▶ [The task]:
The answer must be an exact copy of the lines from the one with "La TOTY est" through the final line below, with no pictures and nothing else.

▶ [Given material]:

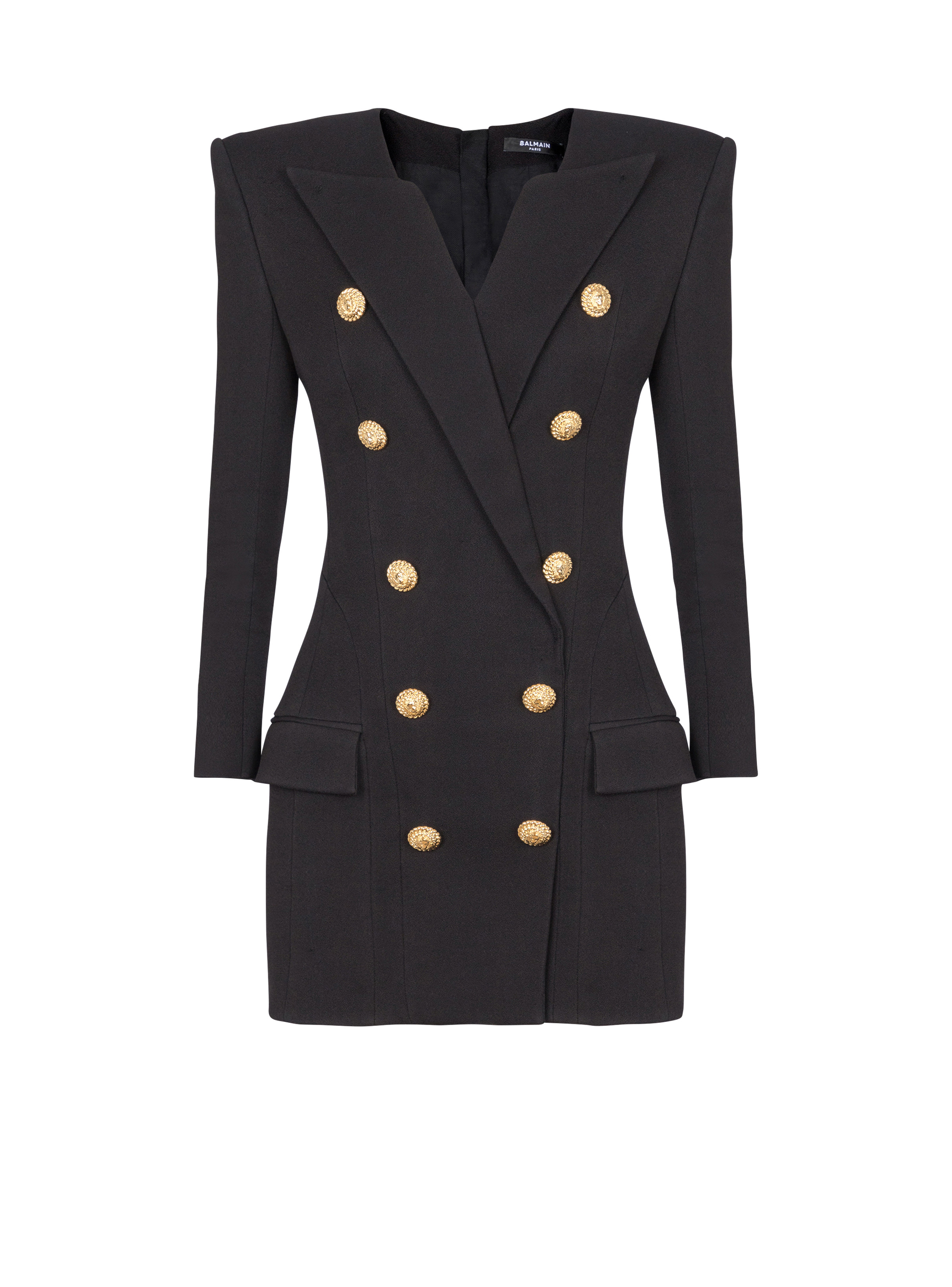 V-neck buttoned crepe short dress - Round neckline with Italian tailored collar - Structured shoulders - Long sleeves - Straight cuffs with 5 covered buttons - Double-breasted button fastening with 10 decorative buttons in golden metal - 2 side slash pockets with flaps - Visible golden metal zip fastening on the back with Balmain Paris-engraved slider - Twill lining - Short slim fit - Model measures 179cm and wears a size 36 - Main material: 100% viscose - Made in Slovakia - Item: EF1R9239VH09
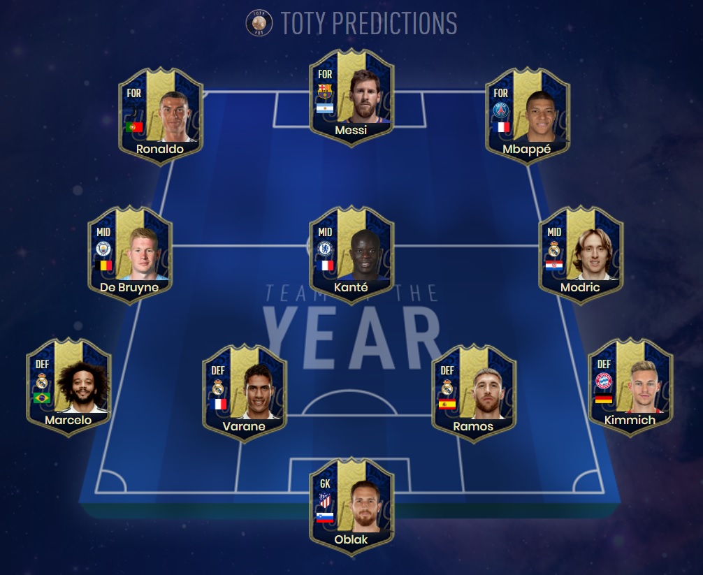 La TOTY est une célébration de la saison écoulée afin de mettre en avant les joueurs ayant réussi les meilleures performances durant l’année 2018. La Coupe du monde et la Champions Leagues auront donc un impact important sur cette sélection, tout comme les succès au sein des championnats majeurs.
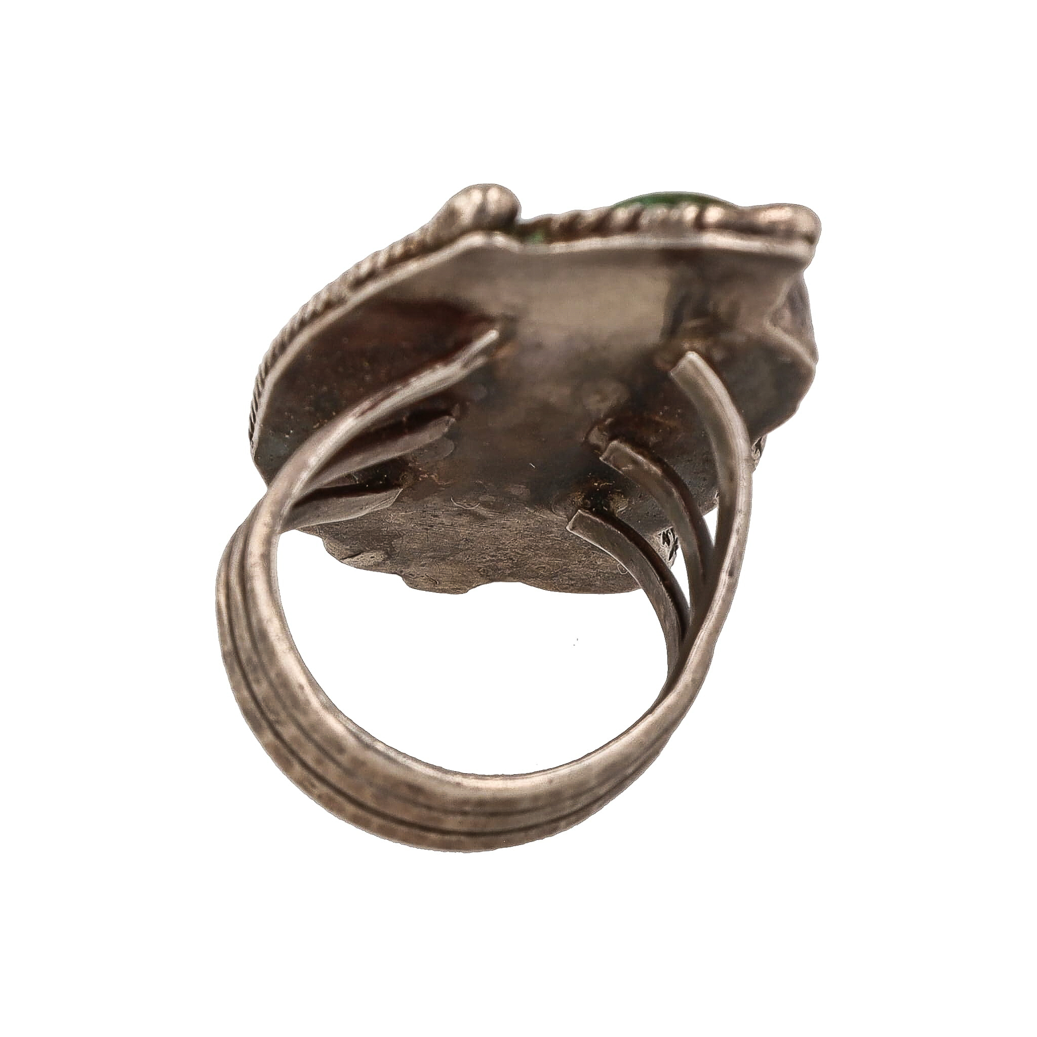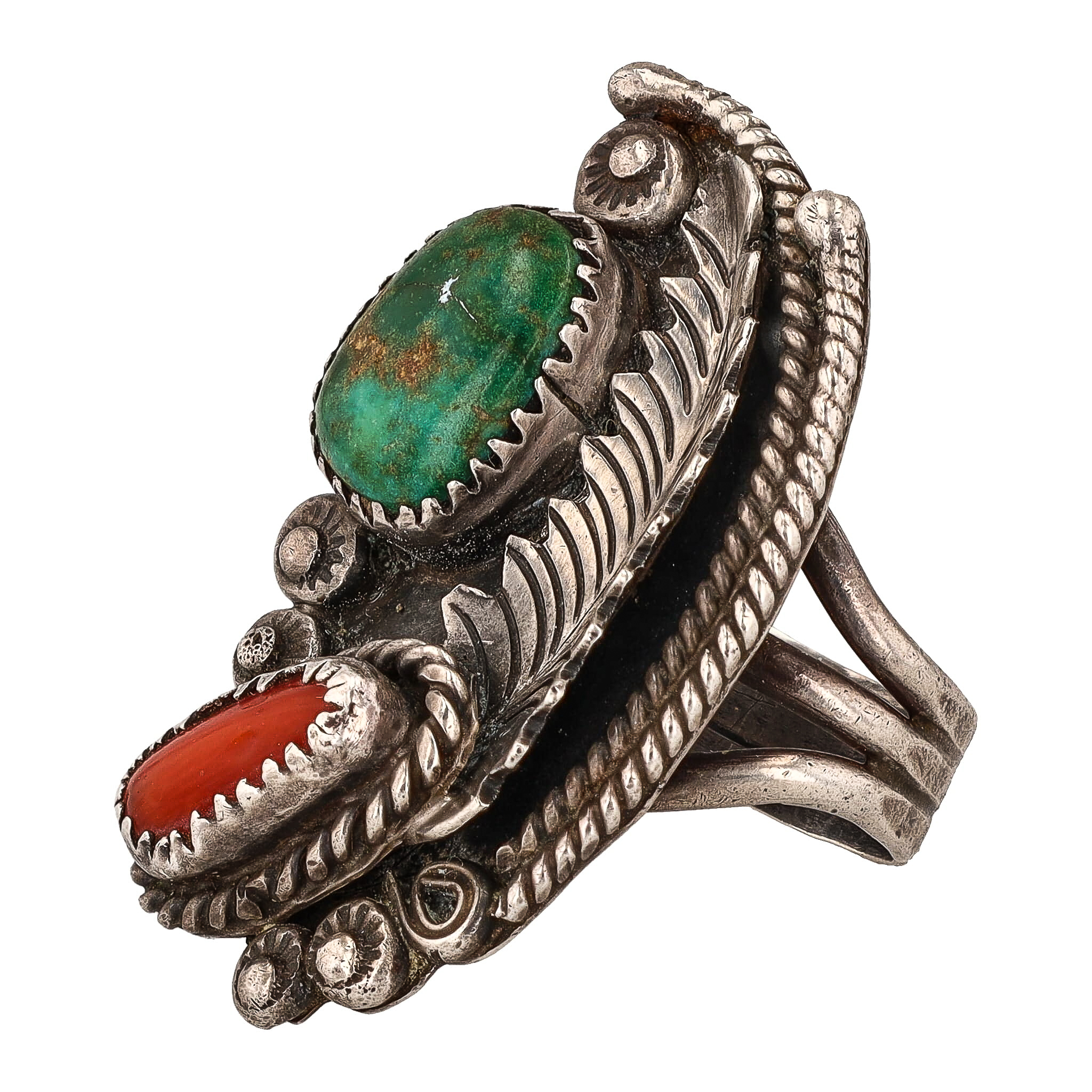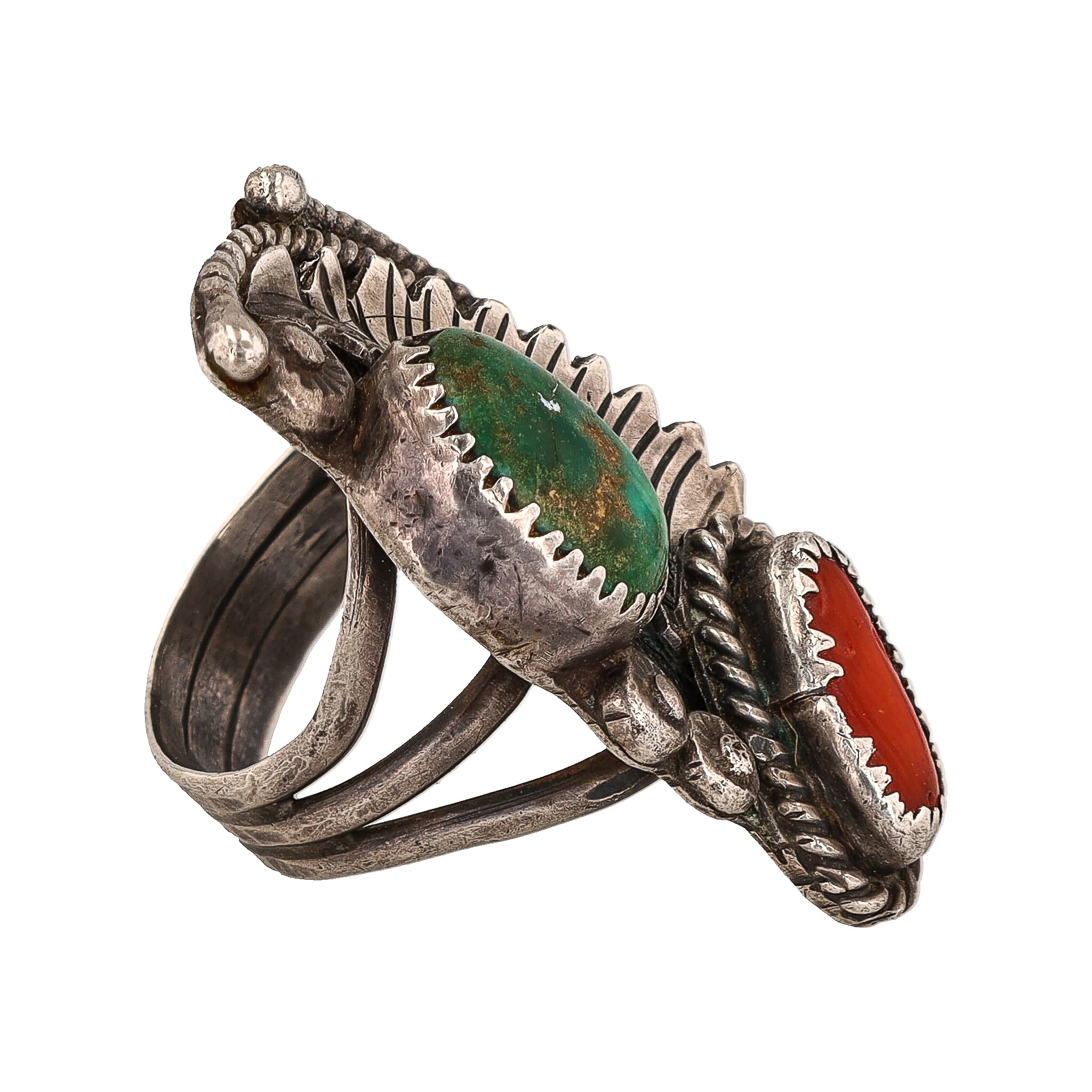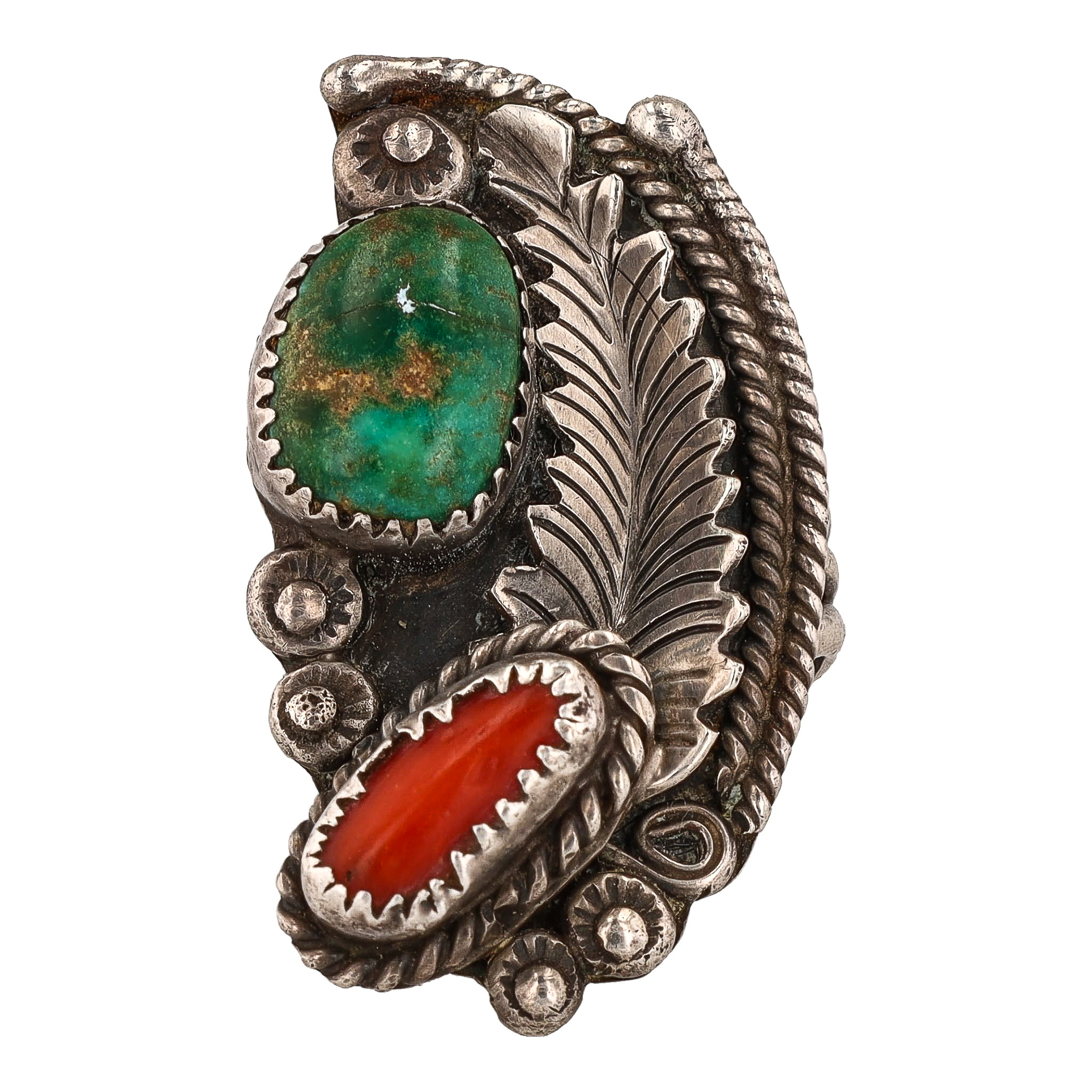 Vintage Navajo Coral Green Turquoise Sterling Leaf Ring Sz. 4.75 As Is, 12g-Band is Bent

▶ [Response to this exercise]:
 La TOTY est une célébration de la saison écoulée afin de mettre en avant les joueurs ayant réussi les meilleures performances durant l’année 2018. La Coupe du monde et la Champions Leagues auront donc un impact important sur cette sélection, tout comme les succès au sein des championnats majeurs.
 Vintage Navajo Coral Green Turquoise Sterling Leaf Ring Sz. 4.75 As Is, 12g-Band is Bent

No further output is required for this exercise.